SECTION 2: INFORMATION WE COLLECT ABOUT YOU
Personal Data
As permitted by applicable law, we may collect, use, store
and transfer different kinds of Personal Data about you when you use our
services. We have grouped these into the following categories of Personal Data:
Identity Data such as first name, last name, Social Media
profile, username
Contact Data such as billing addresses, email addresses and
telephone numbers
Transaction Data such as details about payments to you and
details regarding offers you have signed up to or services that you have
subscribed to in relation to this Website
Technical Data such as your Device IDs, your login data,
access dates and times, browser type and version, device information, cookie
data, time zone setting and location, browser plug-in types and versions,
operating system and platform, and other technology on the devices you use to
access the Website
Profile Data such as your username, additional personal data
added to your account (e.g. your home address), preferences, orders made by
you,
Usage Data such as information about how you use our
Website, products and services
Marketing and Communications Data such as your preferences
in receiving marketing from us and our third-parties
We do not require any
special categories of personal data about you (e.g. religion, race, ethnic
origin, politics, genetics, health, sexual orientation). Please do not provide
this type of personal data to us.
Non-Personal Data
We also collect, use and share Aggregated Data such as
statistical or demographic data which does not directly or indirectly reveal
your identity. We use aggregate data for analysing our website usage, for
example, to calculate the percentage of users accessing a specific feature on
our website.
SECTION 3: HOW YOUR DATA IS COLLECTED
Directly
You may give us your identity, contact, financial, profile
data, and marketing and communications data by filling in a form or
corresponding with us by post, phone, e-mail or otherwise. This includes
Personal data you provide when you:
Create an account on our Website
Update your profile
Choose your marketing preferences for both email and push
notifications
Raise a ticket on the HelpDesk
Give us feedback
Speak with customer service
Request information be sent to you
Indirectly
We may collect your transaction data, technical data and
usage data when you interact with our Website. We collect this Personal and
Non-Personal Data by using cookies, server logs and other similar technologies.

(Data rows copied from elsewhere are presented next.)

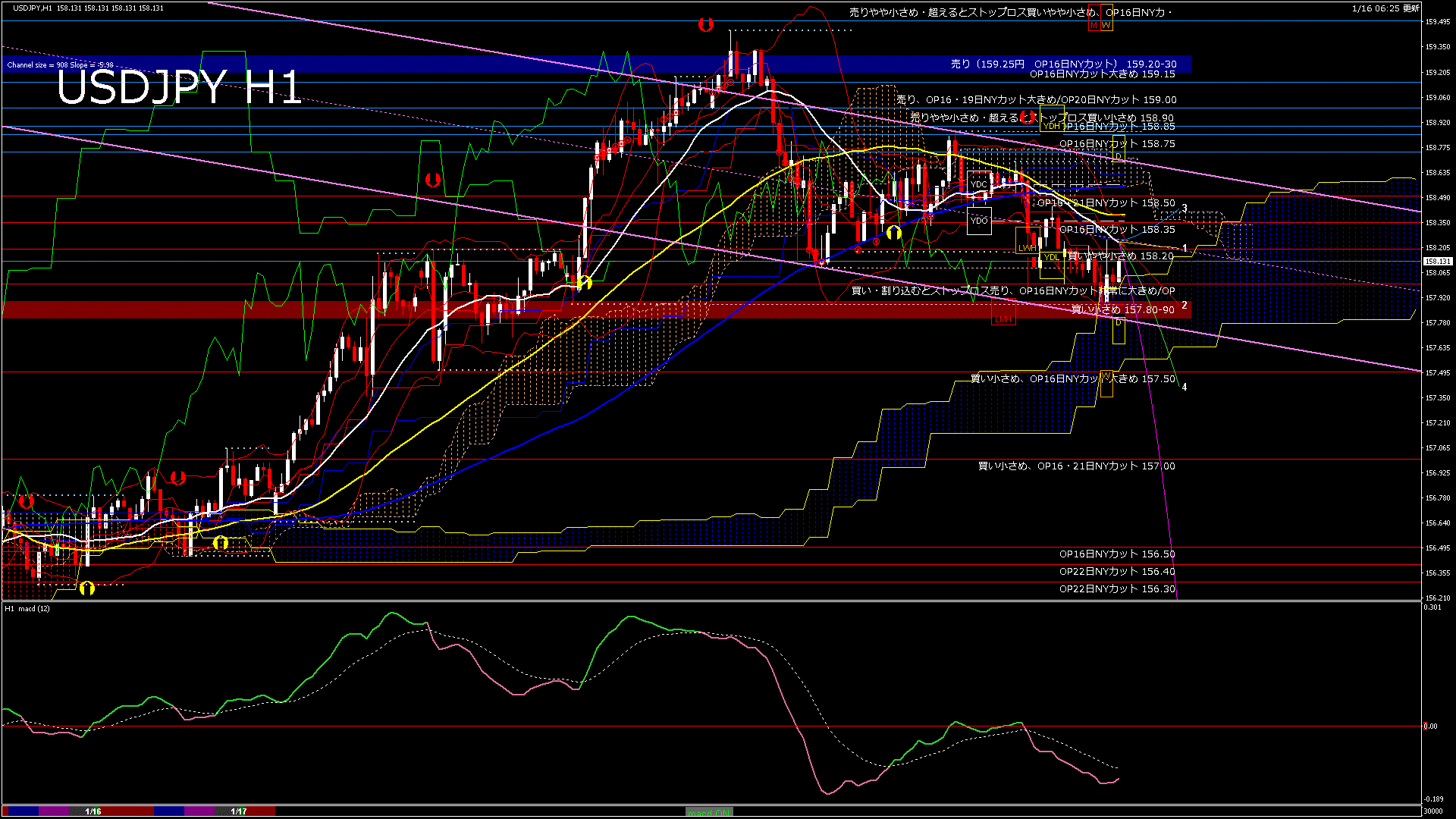 USDJPY-H1移動平均線と現在値(RSI)-2026.1.17 3:00:00
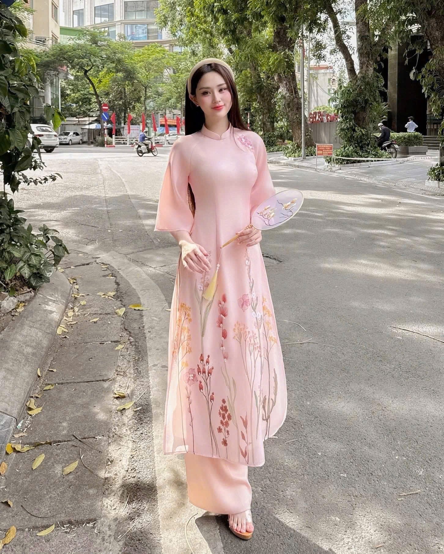 A22 - Set Áo Dài Cách Tân Hồng Pastel (kèm quần)
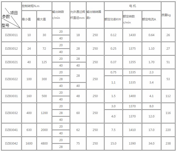 四、DZB系列閥門電動裝置主要技術性能參數表
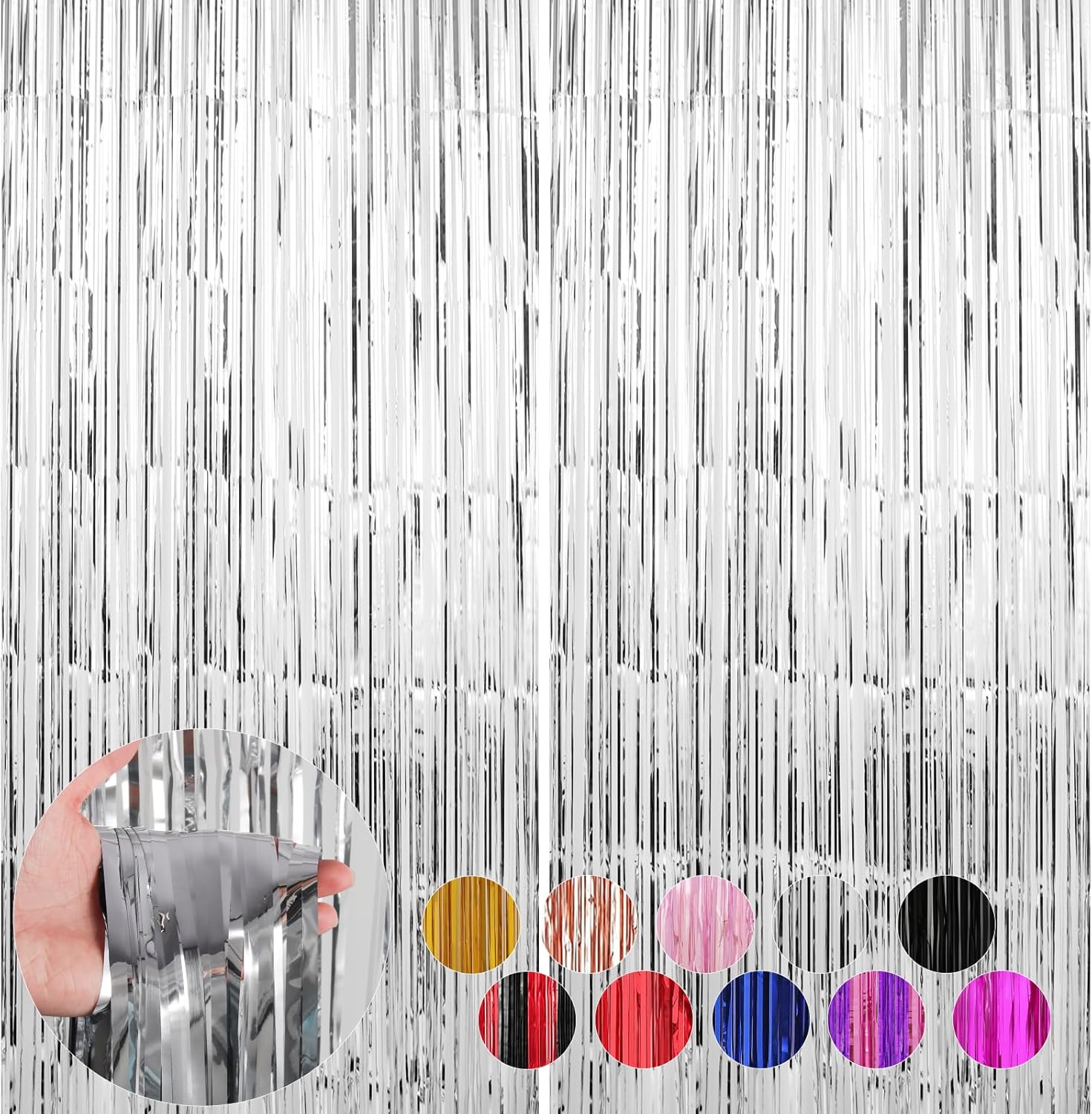 • Customer Service - 2 packs of foil fringe curtains, the size of each tinsel curtain backdrop is 3.3 ft x 8.2 ft, enough length for hanging on a door or covering a wall fully, suitable for any parties. If you are not satisfied with our foil fringe curtains party decorations, Please contact us we guarantee to give you 100% full money back.

We may receive this data from various third-parties such as analytics providers
or advertising networks.
We may also receive Technical Data and Usage Data about you
if you visit other websites employing our cookies or Tracking Technologies
(defined below). For more information regarding our use of Tracking Technologies,
please refer to Section 10: Cookies and Similar Technologies below.
SECTION 4: HOW WE USE YOUR DATA
We will only use your Personal Data where permitted by law.
The law on data protection sets out several different reasons for which a
company may collect and process your personal data, including:
Consent: In specific situations, we collect and process your
data with your consent. For example, when we rely on your consent to send you
direct marketing by email or via push notifications on your device. We collect
your consent when applicable laws require it (including but not limited to the
Privacy and Electronic Communications (EC Directive) Regulations 2003 & The
EU General Data Protection Regulation). Where we rely on your consent to use
your personal data, you have the right to withdraw your consent an anytime. You
can do this by contacting us at [email protected]. If you withdraw your
consent, we may not be able to provide certain products or services to you. We
will advise you if this is the case at the time you withdraw your consent.
Performance of a Contract: In certain circumstances, we need
your personal data for the performance of a contract to which you are a party.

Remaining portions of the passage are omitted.